§ **Activity**
An exact copy is required of the lines running from the one that contains "Унитаз комплектуется скрытым" to the end of the material, both ends included, with pictures omitted.

§ **Available data**
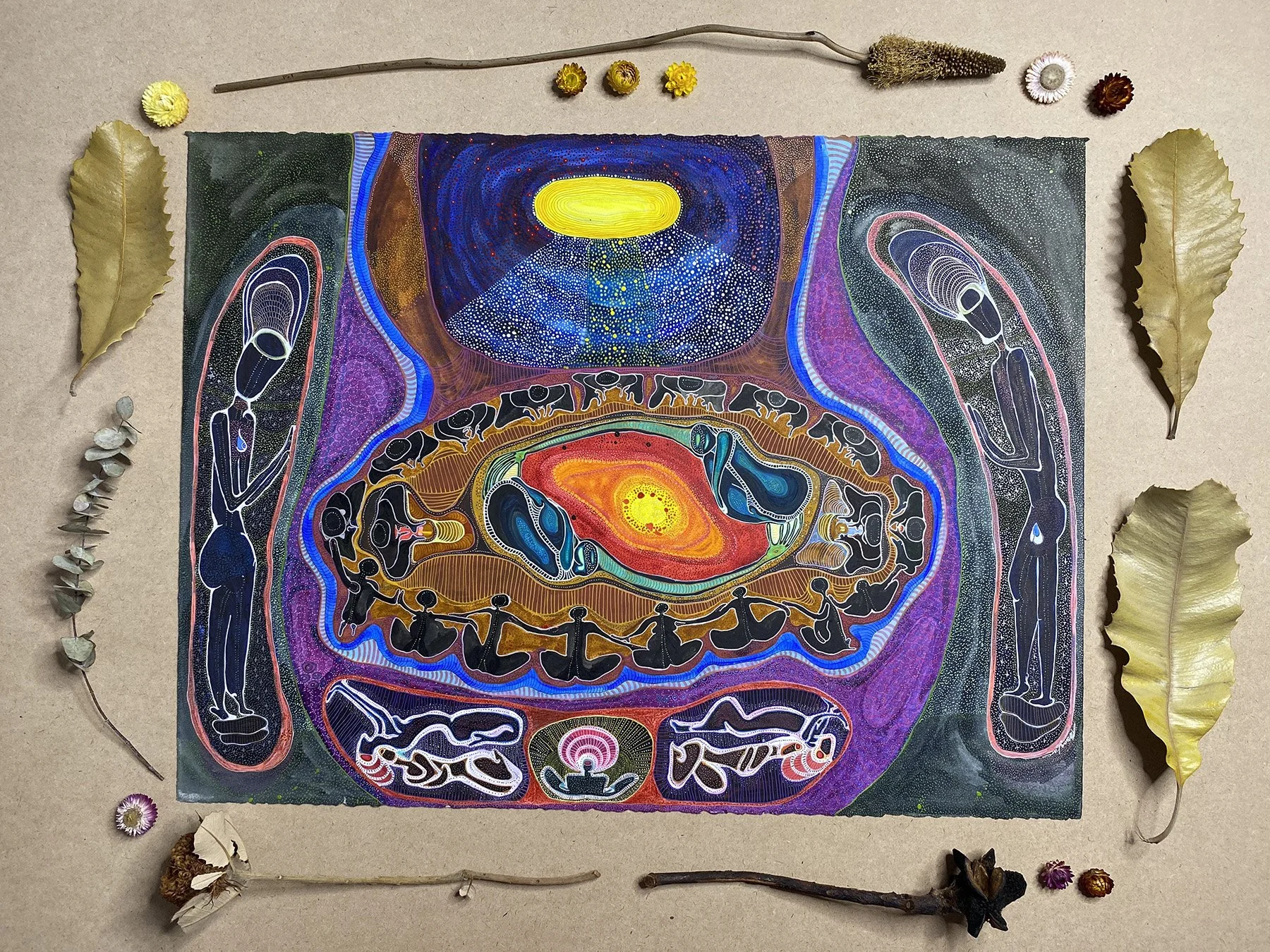 Watercolour paint, Sakura Pigma Micron Pens, and Metallic Ink on Watercolour Paper (300 GSM Rough Arches) Deckle Edge.
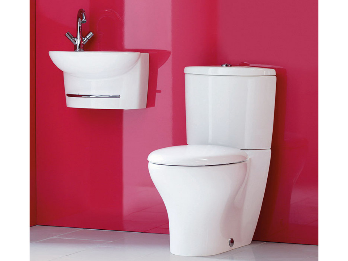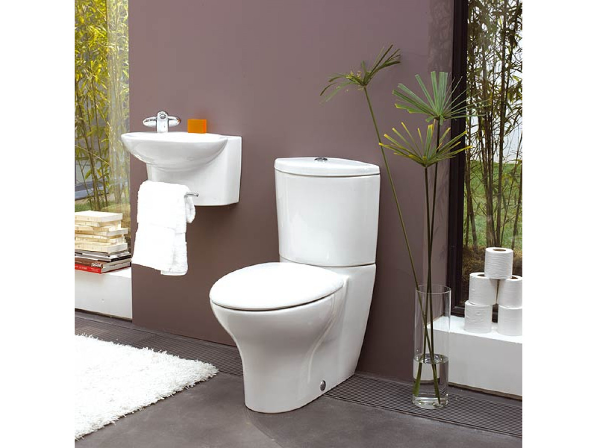Унитаз комплектуется скрытым креплением к полу, оснащен кнопочной двухрежимной арматурой. Бачок E1425 с бесшумным механизмом экономии воды на 3/6 литров, установленный на заводе; нижняя подводка.
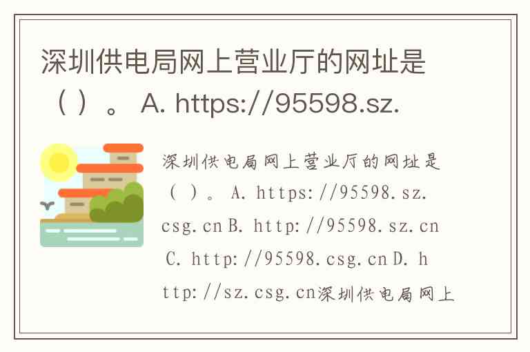 深圳供电局网上营业厅的网址是( )。 A. https://95598.sz.csg.cn B. http://95598.sz.cn C. http://95598.csg.cn D. http://sz.csg.cn

§ **Exercise answer**
Унитаз комплектуется скрытым креплением к полу, оснащен кнопочной двухрежимной арматурой. Бачок E1425 с бесшумным механизмом экономии воды на 3/6 литров, установленный на заводе; нижняя подводка.
 深圳供电局网上营业厅的网址是( )。 A. https://95598.sz.csg.cn B. http://95598.sz.cn C. http://95598.csg.cn D. http://sz.csg.cn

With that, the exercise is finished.